Сергей КОТЬКАЛО. ЗВЕЗДА МЛАДЕНЦА. Святочный рассказ
Сергей КОТЬКАЛО
ЗВЕЗДА МЛАДЕНЦА
Святочный рассказ
Оставаться в Москве я уже не мог, мне снились мама и сестра, меня звала родная земля. И я сорвался, наплевав на карантины и войну, помчался на перекладных, лишь бы повидаться с ними.
…Зима в Дебальцево нынче выдалась кислая. Вместо снежной вьюги буйствовали дожди. Речки наполнились, того и гляди выйдут из берегов. Серо, мокро и зябко, разве что птицы под стрехами шумят в тон быстро бегущей по дорогам воде, но и в их песнях нет привычной с детства радости.
– Живем ожиданием Рождества, – замечает отец Георгий, – а взамен нескончаемая осень.
Сколько-то идем молча, хлюпаем по лужам ботинками. Перемахнули по мостку балку и дальше, напрямик, обходя кордоны, с горы в сторону дымовых труб Мироновской электростанции.
– И то правда, – снова заговорил он, – хорошая была осень… Яблок и груш большой урожай, орехов и рябины... Тепло держалось длительно. Грибов было много, собирали еще и в декабре. Старухи говорили, что к лютой зиме, а оно вона как вышло – лиет и лиет...
За городским кладбищем свернули к Скилевой, и далее шли через поле, проселками, по овражкам, вглядываясь в туманную призрачность, с надеждой не пропустить первую Звезду.
– Забредал я по осени, – гомонил отец Георгий, – на вашу усадьбу, вспоминал тебя в её заброшенности… Костерок запалил, картошки испёк. Долго смотрел на одинокую коровку с подтелком на берегу речки, где прежде ходили стада. Климат, как и мы, крепко изменился, накопилась усталость и у него, и у нас. Только грязь неизменна да шум дождя…

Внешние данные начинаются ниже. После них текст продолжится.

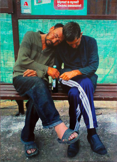 © Семен Файбисович / Коллекция Музея современного искусства в Бирмингеме Мутит в пути? 2008 г. Но ведь мир вокруг нас постоянно и стремительно меняется не только по этому вектору, и усилия отобразить эти разного рода перемены уже сами по себе чреваты инновативными результатами. А ведь эти усилия и есть главный, ключевой признак реалистического взгляда и подхода, неотторжимая суть которого — разговор именно со своим временем. Жизнь прошлым, эксплуатация на полном серьезе и пафосе разных «исторических», тем более архаических форм высказывания, восприятие мира через призмы разного рода неотрефлексированного ностальгирования — все это ну никак, ни разу не реализм. Равно как вообще «жизнеподобные» кич и салон, что озабочены не проблемами осмысления, прочувствования современного мира, а желанием угодить вкусу потенциального покупателя, как правило, культурно не ангажированного. В этом смысле они родня соцреализму, который кто-то определил как «направление в искусстве, описывающее жизнь и деятельность членов партии и правительства средствами, доступными их пониманию». Но не будем уходить далеко в сторону — я все это к тому, что сегодняшние борцы с реализмом норовят отнять у художника ровно вот это его право на живое, чуткое восприятие окружающего мира, которое им самим не дано. Норовят объявить все возможные на этом пути инновации заведомым отстоем, лузерством. Старательно списывают реализм в архив, а в реальности сами давно уже там.
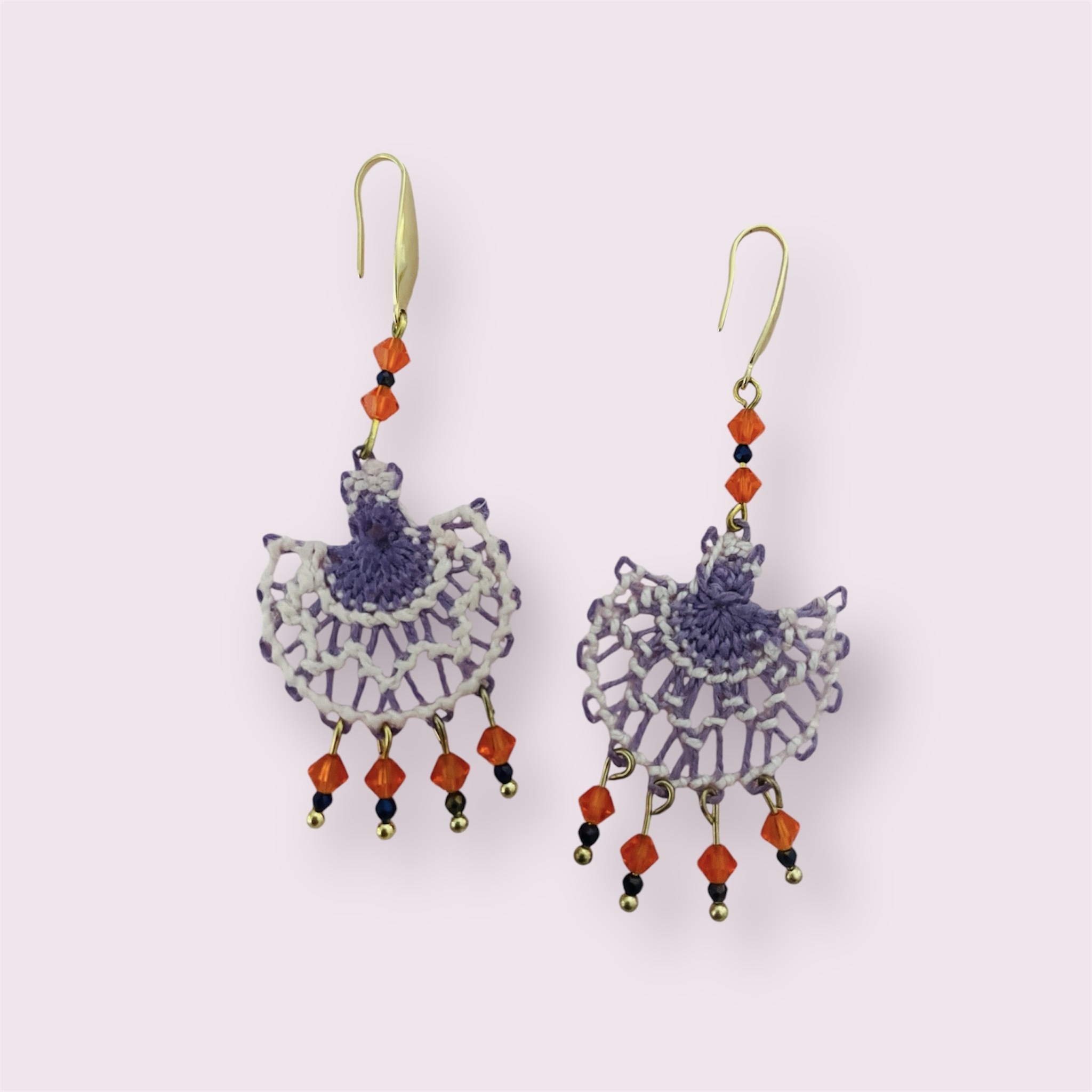Descripción Pendientes hechos a mano con técnica de ñandutí, cierre de gancho de acero inoxidable bañado en oro de 18 quilates. Pieza única.
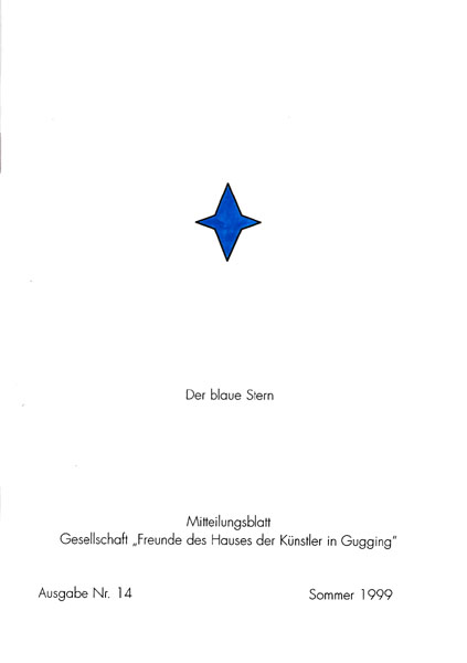 Der blaue Stern. Mitteilungsblatt der Gesellschaft der Freunde des Hauses der Künstler in Gugging. Ausgabe Nr. 14. Sommer 1999. Gugging. Eigenverlag. 1999. 21 x 14,5 cm. 35 S. OBroschur. Einbandkanten nachgedunkelt und mit kleinen Bereibungen. Sonst gutes bis sehr gutes Exemplar. Nr. 14 des hauseigenen Mitteilungsblattes Gugging 19996 mit zwei farbigen, montierten Postkarten sowie einer Galerieankündigung versehen.
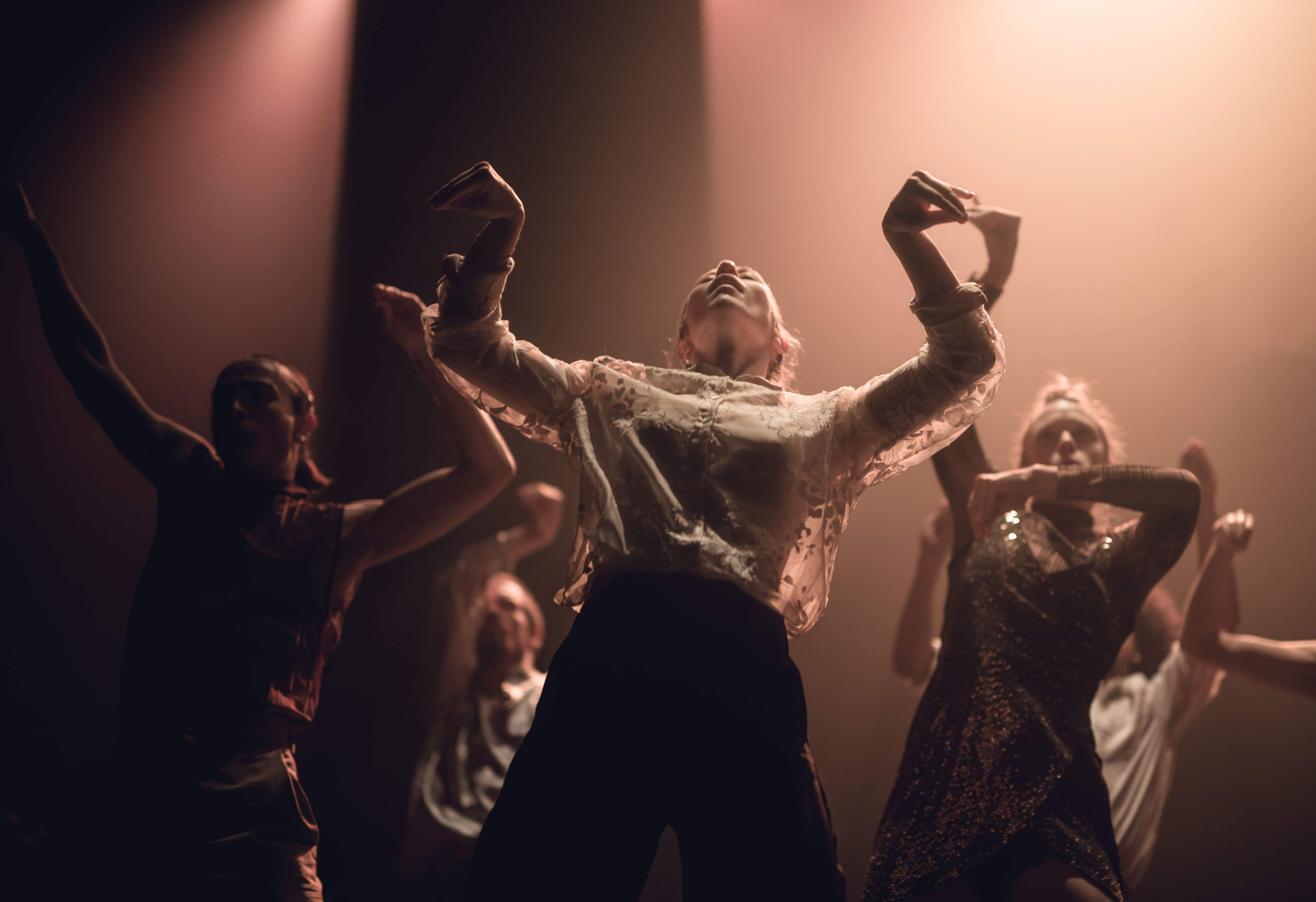 燈光是招魂的幡旗,隨簾幕開闔將舞者的身體推向極限;三人樂隊自角落浮現,奏響勾魂的樂章,時而哀傷搖擺、時而震耳欲聾,將每個人的靈魂拖進夢境深處,隨群舞湧動震盪不息。

Дождь действительно не унимался, лил и лил. Влажность пробирала до костей, но мы твердо держались избранного пути. За Скилевой свернули прямиком под гору, в сторону церкви великомученика Димитрия Солунского. Отец Георгий периодически вспыхивал, начинал что-то рассказывать:
– Прежней весной дождей не было, земля иссохла, поля чертополохом поросли, а никто уже не тревожился, некому беспокоится, сошел с земли наш народ, слился без воды… Вот разве что тебя нелегкая принесла, нервозно знаешь... – говорил и опять затихал.

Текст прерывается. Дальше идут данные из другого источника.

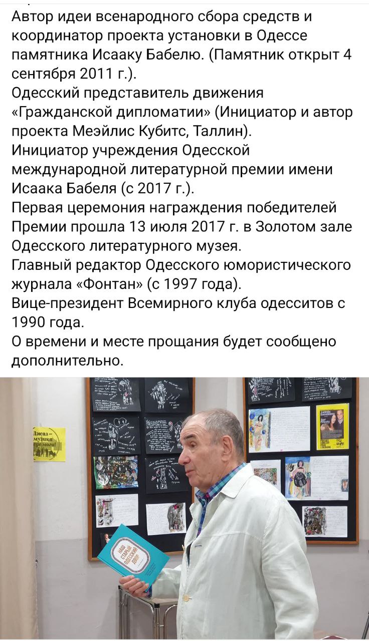 Причину смерті легендарного одесита не повідомляється. Про місце прощання з ним інформація буде згодом.

За последние годы отец Георгий крепко сдал. Война его затюкала, обломила крылья, спутала ноги, а был орел, парил высоко, настырный труженик, поднимал из ничего церковь великомученика Димитрия среди на тот момент безбожного люда, и казалось ему, что строится новый мир на века, ан нет…
– Веришь, – говорил отец Георгий, – стал бояться. Сначала не боялся, потом как-то само собой стало получаться. Одни сказали – на Пасху расстреляют, а потом и свои – на Рождество повалтузили, да и архиерей уже трижды крест снимал… Я тут, а матушка с детями там, за Скилевой…
Но мы шли. Дождь делал свое дело, смывал с нас тревогу.
***
До первой Звезды оставалось меньше часа. В церкви ударили в колокол – призывая прихожан на праздничное Всенощное бдение. Обходя задами церковную ограду, мы по-мальчишески перемахнули через кладбищенский забор. Никто, понятное дело, в сочельник по старому заброшенному кладбищу не болтался. Опасности мы никакой не чувствовали. Отец Георгий вынул из-за пазухи требник:
– Вот дожили, – говорил он, раздувая кадило, – даже литию на могиле втайне служим… Ты ж только никому, – вдруг вздрогнул батюшка, замахав кадилом, и дальше, будто ничего не сказал прежде, во весь голос, своим обычным басом повел: – Молитвами святых отец наших, Господи Иисусе Христе, Боже наш, помилуй нас...
Я слушал его, неотрывно цепляясь щенячьим взором за каменный крест над могилой мамы и сестры, нашептывая за батюшкой молитвы, слова из 90-го Псалма:
«…Яко ангелом Своим заповесть о тебе, сохранити тя во всех путех твоих. На руках возмут тя, да не когда преткнеши о камень ногу твою. На аспида и василиска наступиши, и попереши льва и змия. Яко на Мя упова, и избавлю и покрыю и, яко позна имя Мое. Воззовет ко Мне, и услышу его; с ним есмь в скорби, изму его, и прославлю его; долготою дний исполню его, и явлю ему спасение Мое»…
Отец Георгий служил вдохновенно. И только на: «Во блаженном успении вечный покой подаждь, Господи, усопшим рабам Твоим, и сотвори им вечную память…» – я обратил внимание, что свеча моя догорает, а с ней уходит и терзавшая меня печаль. Дождь на время притих, и в черном небе загорелась первая Звезда...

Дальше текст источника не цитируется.